I was constantly reminded of my grandmother’s warmth and hospitality, imparted to her by Oscar and Eli, which still burned brightly in the hearts of Norwegian relatives. I realized that the harsh elements that drove Oscar out of Norway pulled me back. And I realized that even though our travels took place under very different circumstances, my great-grandfather’s spirit of adventure lives on in me.

Although Oscar left Norway out of necessity, our trip was a pilgrimage to his homeland. “Adventure Travel” means being unsettled and challenged, living outside of your comfort zone and sacrificing great things to get there. Travel writer Anthony Bourdain encouraged travelers to sleep on the floor because it’s the best way to get to know places, people, and most importantly, yourself. If that’s the case, Oscar must have known himself very well.

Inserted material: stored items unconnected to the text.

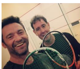
Hugh Jackman loves a game of squash when he visits Toowoomba.

Without wider promotion of our great sport, more courts will close and this great game will be lost to most local players as the travel time to courts is prohibitive.
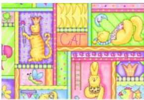
25687 S_P 1/2 yard
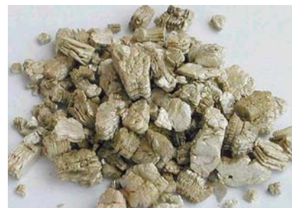
Typical vermiculite insulation
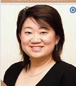
JUDGE TINA CLINTON FOR TEXAS JUDGE, COURT OF CRIMINAL APPEALS, PLACE 4 TINYURL.COM/YXOFHD29

While our family didn’t sleep on the floor, we experienced many uncomfortable and challenging moments while traveling in Norway. Those times have taught us all that we are capable of much more than we realised. And none of this would have been possible if Oscar had not bravely followed his dreams on a great adventure that began more than a century ago. His sacrifices ensured prosperous lives for the four generations that followed, which in turn inspired our family to come full circle on his 122-year journey.

Sometimes it takes a journey to the top of the world to find your way home. Despite the fear, ignorance and hurdles our family went through to say yes to a year in Norway – we would do anything again.